Thursday 29 June 2017

Review - Joan

Luisa Hastings Edge
JOAN
Presented by THE RABBLE and Theatre Works

Co-creators Kate Davis and Emma Valente
Set and Costume Design - Kate Davis
Text/Direction /LX Design / SFX Design – Emma Valente
AV Design – Martyn Coutts
Dramaturg - Leisa Shelton
Production Manager – Rebecca Etchell
Stage Manager and LX and SFX Operator – Ruth Blair
Creative Producer – Josh Wright

Performers:  Luisa Hastings Edge, Emily Milledge, Dana Miltins and Nikki Shiels

20 April - 30 April 2017

Opening with extraordinary multi media projections on scrims, JOAN by the RABBLE, is a work of high art.  It is riveting, hypnotic, haunting and sometimes deeply shocking.  But at all times uncompromisingly designed to insightfully explore a deep feminist response to the now canonized, illiterate peasant, who was ‘the virgin from Orleans.’   Joan of Arc who, in The Middle Ages, led the French into battle with the English, who ultimately burned her at the steak thrice, is the subject of this production.
Dana Miltins and Emily Milledge by David Paterson
Here her story is stripped back to its powerful and profound essence by a courageous affiliation of theatre makers who have previously brought us similarly weighty works such as The Story of O (2013) and Salome (2008).

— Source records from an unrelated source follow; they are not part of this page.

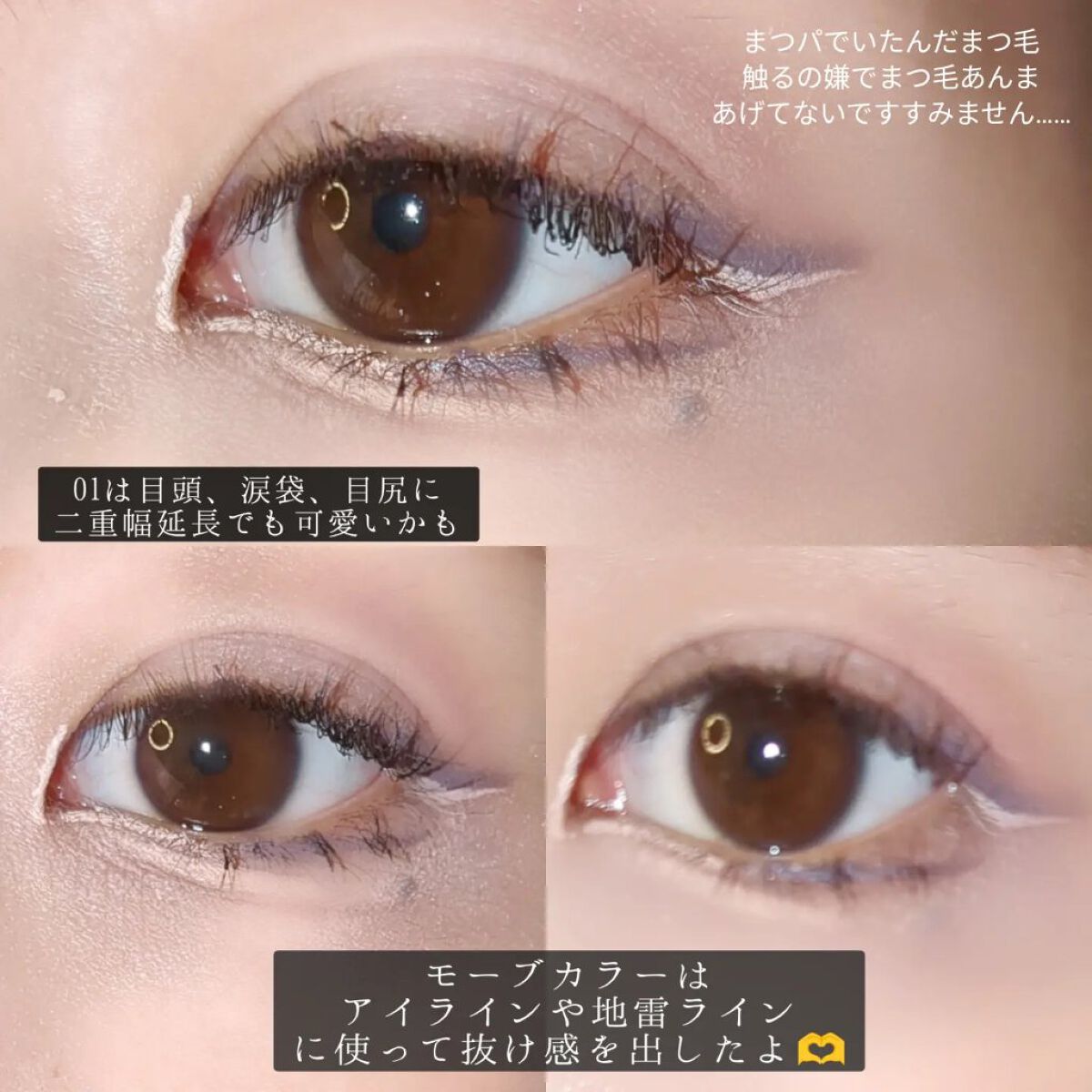特にした三つのカラーはこっくり濃厚ベリーカラーで上品なグラーデーションができます🫶 真ん中の鮮やかプラムピンクは目元や目頭のアクセントに入れると個性的かつかわいいピンクメイクになります✨ 右上のピンク多色ラメはほかの大人っぽい色味に対して逆に美少女感ただよう配色でまたズルいです……キュンとしちゃう…… 特に私はアイホール全体ではなくて目頭にだけ入れることで、少なめのラメでかつ顔全体を鮮やかにすることを意識しました! そして……誰かやってるひといるかな?下粘膜3色グラデ法 目頭赤で潤んだ目、暗めカラーで中顔面短縮、締め色で目幅拡張、全て盛り込んでおります…… 是非皆さんやってみて下さい🫶
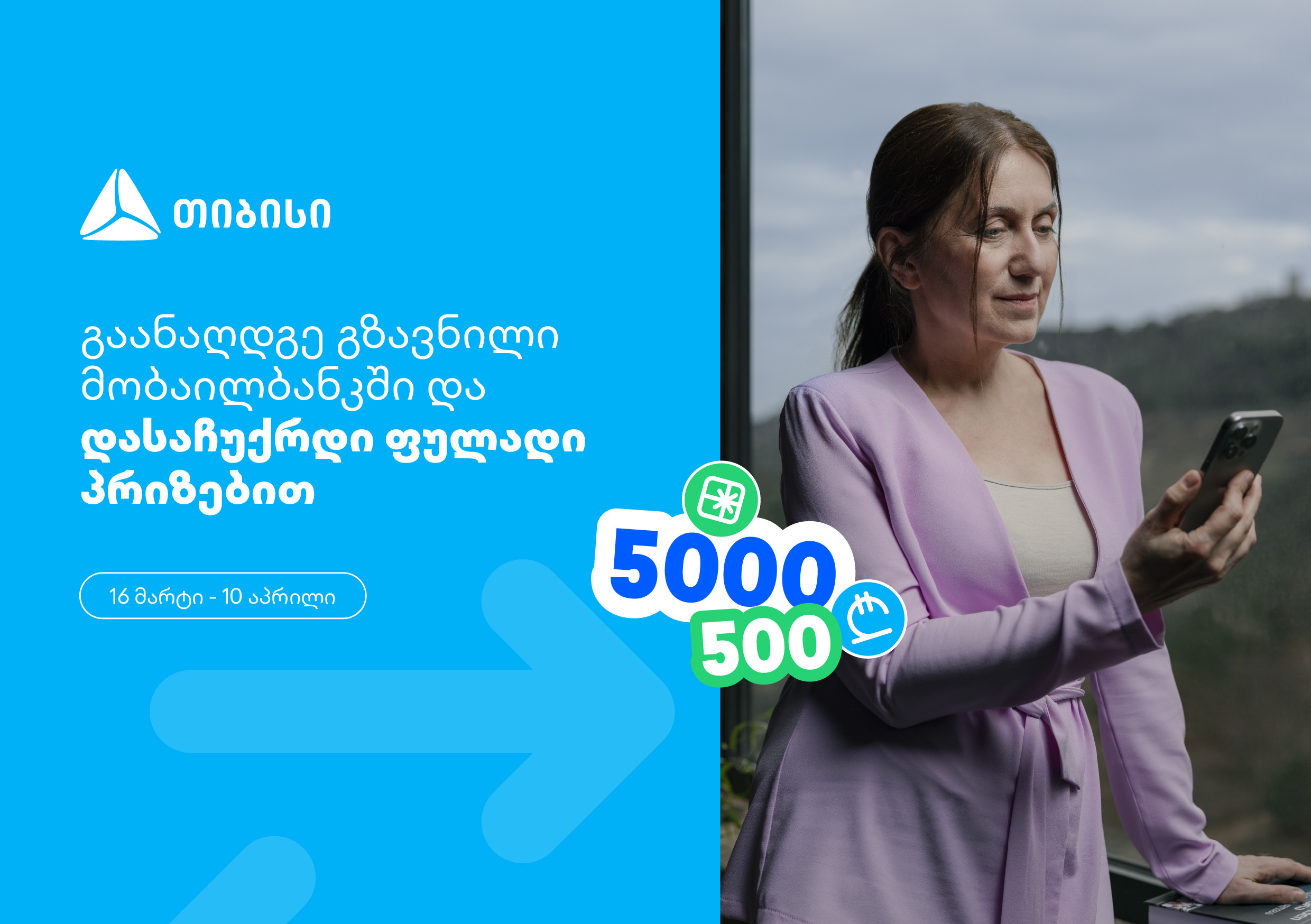 16 მარტიდან 10 აპრილის ჩათვლით, გაანაღდე ფულადი გზავნილი მობაილბანკში და მიიღე შესაძლებლობა, ერთგულ ყულაბაში დასაჩუქრდე 500 ლარით ან სუპერპრიზით– 5 000 ლარით.
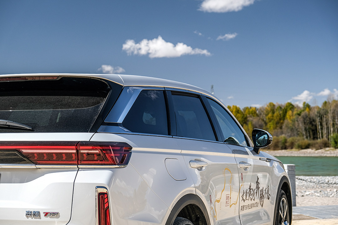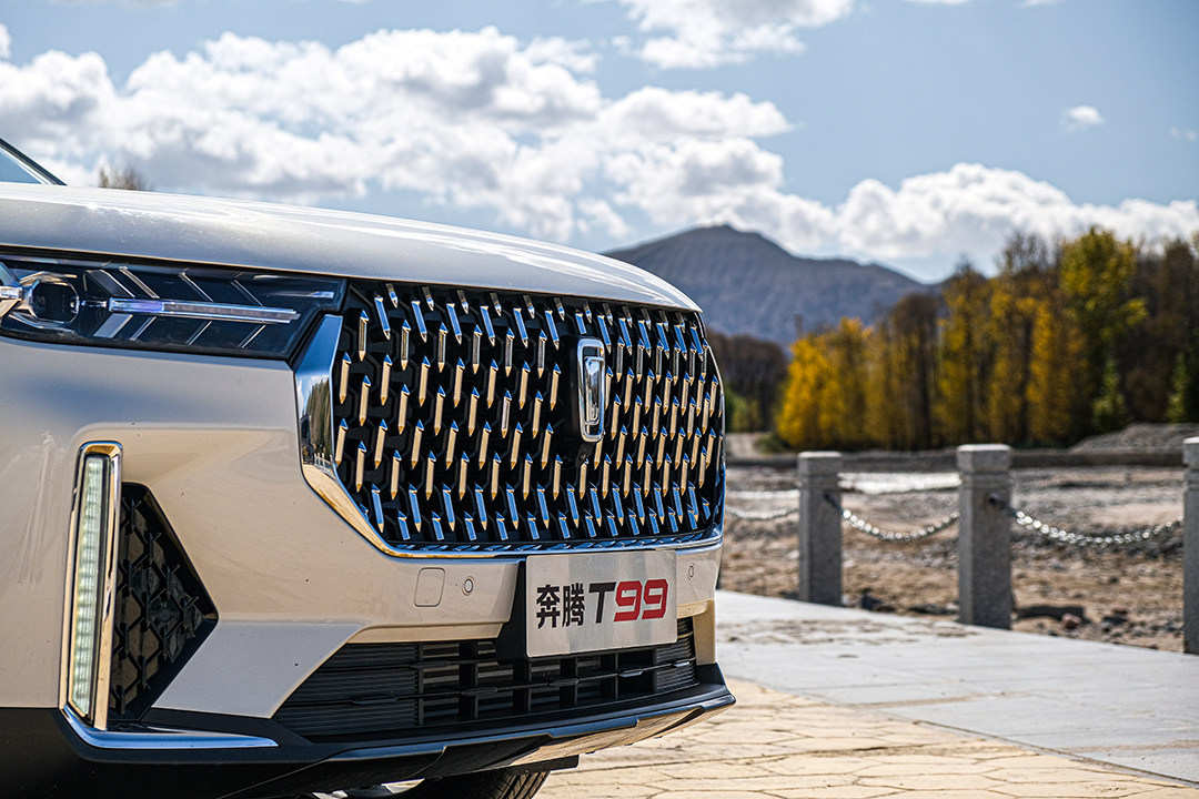 然而在视觉效果上,那是相当魁梧,只需一眼就能感受到奔腾T99的旗舰气场,前脸的T家族脸谱“数码雨滴”格栅,霸气程度丝毫不输奔驰的满天星,前后共四把“光剑”日行灯/雾灯,相当有气势,配合全身方正硬朗的轮廓,整个车身看起来就很庞大,确实是一款中大型SUV应有的气场。
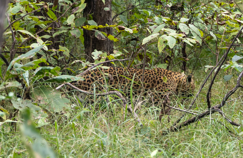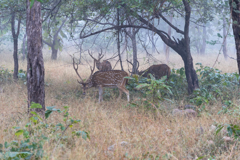 Depuis le Sarai, nous avons fait trois safaris dans le parc national de Panna, deux tôt le matin et un la nuit. Le but principal était d'apercevoir des tigres. Malheureusement, cela ne nous a pas été donné, ce qui est un peu frustrant, d'autant plus que d'autres clients ont pu observer une tigresse avec ses deux petits. Le fait que deux safaris aient eu lieu sous la pluie n'était pas idéal non plus. Nous avons tout de même découvert de nombreux animaux, les plus passionnants étant un léopard (que l'on voit apparemment très rarement) et un chacal (que nous avons pu observer de très près). Il y avait en tout cas suffisamment d'animaux pour que Yashi puisse prendre de superbes photos. Nous avons passé une journée à Kajuraho, la ville voisine. Yashi en parlera dans le prochain article.
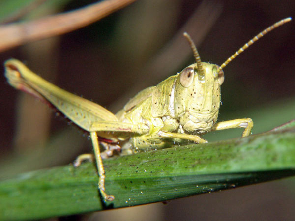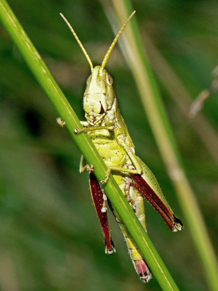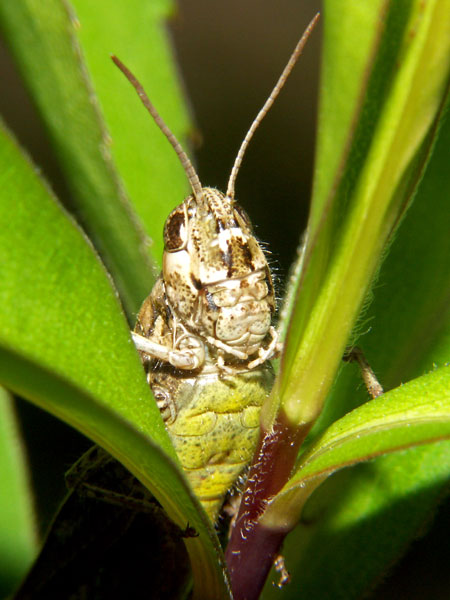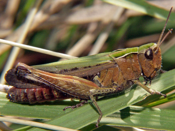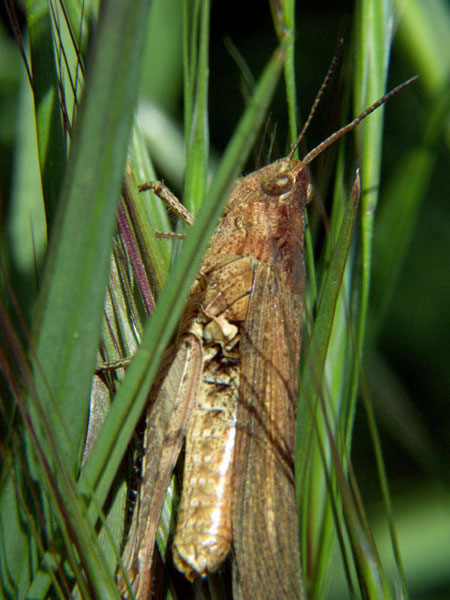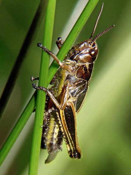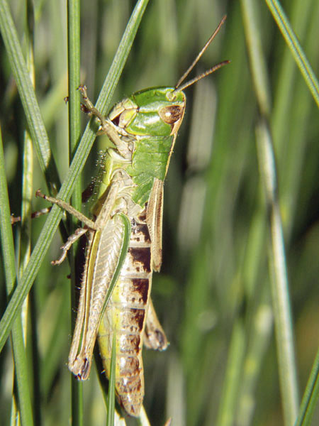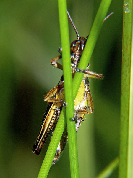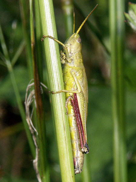 Stethophyma grossum, Nymphe. Die ist ziemlich neugierig, wie sie durch die Grashalme schaut!
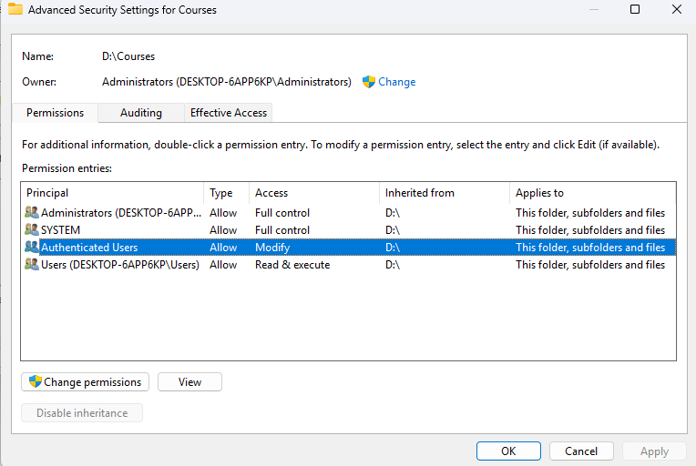 - The D:\Courses path is owned by Administrator but Authenticated Users can modify and the permission is inherit to its subfolders. This mean that when the application first installed, it required elevated privilege for the installation path and the service creation.

I strongly advise before seeing this show you read up on Joan of Arc to be able to augment this astonishing ‘black and white’ offering with one’s own understandings, insights and colourful nuances.

Luisa Hastings Edge
The performance at Theatre Works is remarkably finely micro managed.  Lighting, sound, projections (Emma Valente and Martyn Coutts) and the human bodies of performers, Luisa Hastings Edge, Emily Milledge, Dana Miltins and Nikki Shiels work in outstanding synchronicity to produce startlingly crisply timed images.

Costumes by Kate Davis have the capacity to morph suggestively from military uniform to flowing dresses to projection screens of sorts.

Encapsulated here are Joan’s strengths of huge courage and dogged determination, along with her humiliation at the very private becoming excruciatingly public, then her torture and horrific demise.

As a mostly image based work, when text is finally spoken it is acutely and intensely visceral.  All four performers excel in affecting the audience with words but most particularly Nikki Sheils with Emma Valente’s sharp acute text.

It feels like a privilege and honour to be able to attend theatre of this caliber.